Постояв под прохладной водой в душе, едва промокнувшись полотенцем, делаю попытку надеть лёгкую ночнушку и понимаю, что лучше не стоит. Из последних сил ползу в спальню и падаю ничком на постель в одних трусах. Другой одежды мне нынче не надо. Просто не переживу.
Лежу пузом на подушке, обхватив её руками, и размышляю, какая же я всё-таки клиническая дура! Хотела навредничать Лёшке, а получилось себе!
В это время слышу стук в дверь. Надо бы откликнуться, но сил нет, тем более, что я практически голышом. Лучше пускай подумают, что заснула. Но не тут-то было, щёлкает замок ручки, и кто-то заходит,
- Маша! Ма-аш! – Лёшка! Идёт к спальне и от дверей, - можно я войду?
- Нельзя! – бурчу, - я голая!
- Ты в трусах, я вижу, - вот упёртый баран, чего спрашивает, всё равно протопал до кровати, - ты жива?

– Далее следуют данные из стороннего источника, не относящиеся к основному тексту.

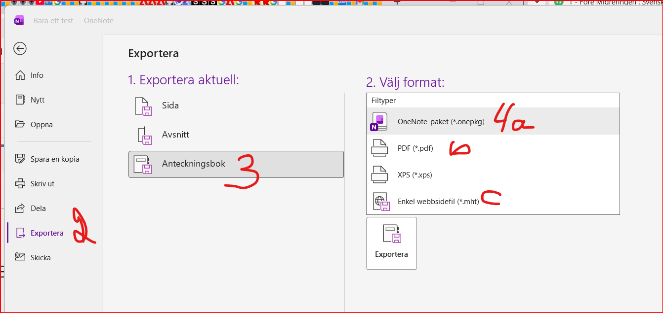 Skapa först en mapp i ONEDRIVE kallad tex "Backup av OneNote 2026"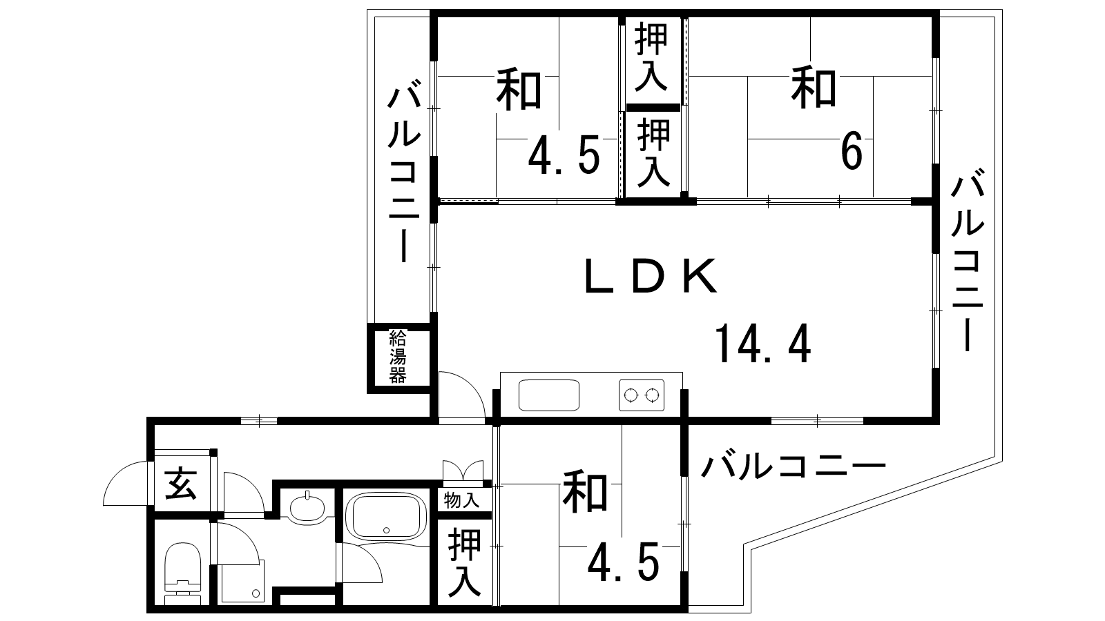 - LDK14.4帖、和室6帖、和室4.5帖、和室4.5帖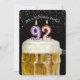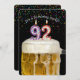 Vela número 92 na caneca de cerveja com confete colorido em preto para o convite da 92ª festa de aniversário.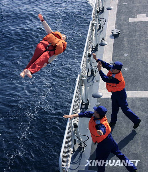 3月12日,中國海軍“廣州”號驅(qū)逐艦水兵在***海投放模擬“落水人員”?!昂推剑?9”多國軍演當(dāng)日進(jìn)行了海上聯(lián)合搜救演習(xí)。新華社記者查春明攝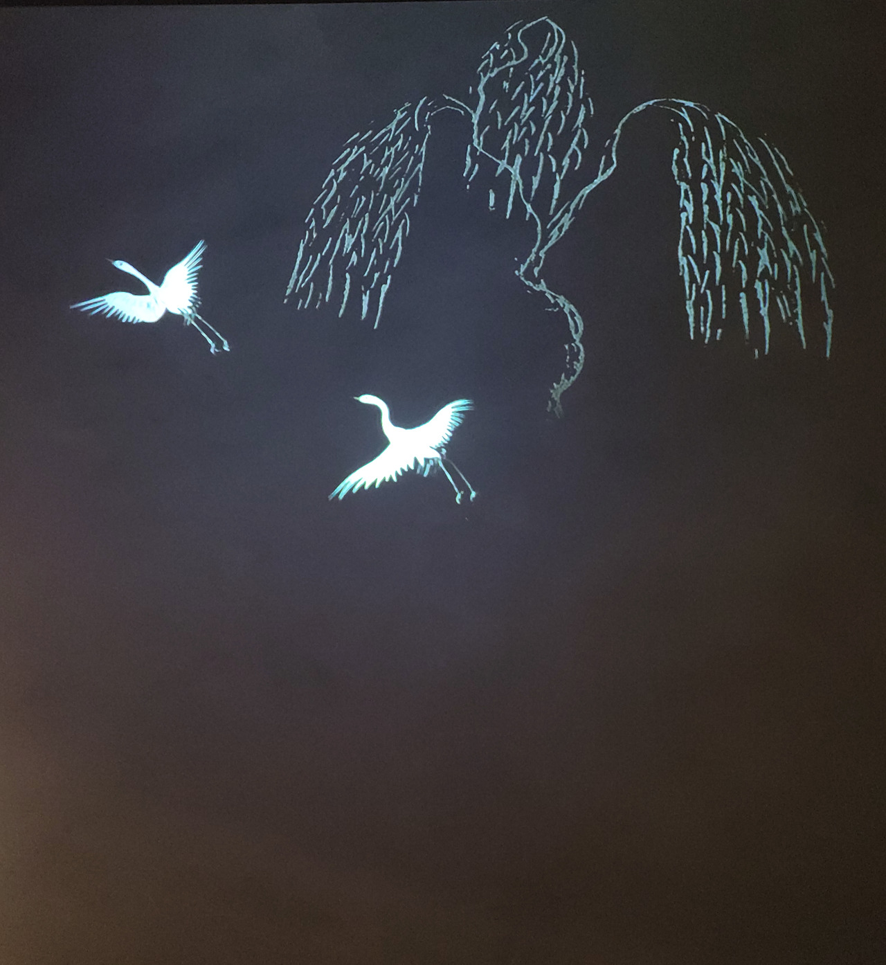 유유히 학이 노닌다. 너울대는 버드나무 가지가 낭만적이다.

- Ну, если разговариваю, то, скорее всего, да, - хотя уже еле языком ворочаю, - что случилось? – в смысле, чего припёрся?
- Ты сгорела по полной, у Зейнеп нашёлся пантенол, давай набрызгаем?
- Лёш, я ничего не хочу, у меня спина, как пергамент после раскалённой сковородки, отстань, а?
- Ты лежи, Маш, я сам, - и принимается покрывать мою подгоревшую спину и плечи пышной пеной. Под прохладной пузырящейся шубой и правда становится немного полегче.
- Спасибо, друг! – искренне благодарю.
- Ну вот, уже и друг, а не поросячий хвостик!
- Как ты сказал? Повтори! – даже оживаю немного.
- Друг, а не поросячий хвостик… - повторяет недоумённо.
- Прямо, как папа, - так мне становится сразу хорошо… блаженно.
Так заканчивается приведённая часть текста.